Under Article 25 of the EU AI Act, a downstream provider that substantially modifies an AI system, or deploys a GPAI model for a high-risk use case, becomes the provider of a high-risk AI system and carries the full Article 16 obligations. The contract with the vendor does not override that regulation — Article 25(1)(a) is explicit. But the contract can allocate information-provision obligations that make your conformity work feasible or infeasible.

Diligence that works: specific contractual clauses on the vendor’s obligation to provide technical documentation that supports your Annex IV file; assistance with conformity assessment where applicable; cooperation on post-market monitoring and serious-incident reporting; obligations to notify you of regulatory actions affecting the model; rights to information about evaluations and known limitations. These are not standard master services agreement terms. They need to be negotiated deliberately for AI integrations that land you in regulated territory.

Operationalising the diligence

A TPRM programme that handles AI risk well does three things differently from a classic one.

First, the vendor tiering acknowledges AI-specific risk. An AI vendor embedded in a high-stakes product workflow is not a tier-three SaaS. It is a tier-one vendor regardless of data volume, because a failure of the model affects product behaviour directly. Tier the vendor to the consequence, not the data footprint.

Second, the diligence workflow includes an AI-specific module. The standard ISO 27001 + GDPR questionnaire is the baseline. On top of that, AI vendors receive a supplementary diligence pack covering training data, evaluation, update cadence, governance posture, and AI Act responsibility allocation. This is not optional for vendors in scope.

Third, the ongoing monitoring cadence includes model-behaviour monitoring. You run your own evaluations against the vendor’s current model on a regular cadence. You maintain a pinned version in regulated workflows. You have a documented decision process for adopting model updates that includes regression testing.

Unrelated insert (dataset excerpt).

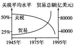 右图为“战后世界关税和贸易发展趋势图”,图中关税与贸易发展变化的趋势可以反映出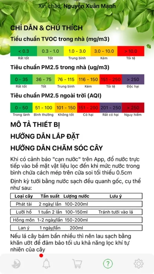 + Nồng độ các hợp chất hữu cơ dễ bay hơi TVOC (Ảnh hưởng xấu đến sức khỏe con người). Đây là chỉ số tổng hợp 59 hợp chất hữu cơ tồn tại trong môi trường không khí bị ô nhiễm như Formaldehyd, Benzene, Toluene...

None of this is experimental practice. It is the operational consequence of the regulations that are now binding. The TPRM programmes that are not updating for AI risk are running on the assumption that the vendor will carry the load. That assumption is wrong in most of the cases I see — and the gap is a supply-chain risk that sits quietly in the register until a procurement review, an audit, or a regulatory inspection surfaces it.

The good news is that the diligence work is not conceptually hard. The gap is usually one that a focused two-to-three-week effort can close — if the question is taken seriously early rather than discovered late.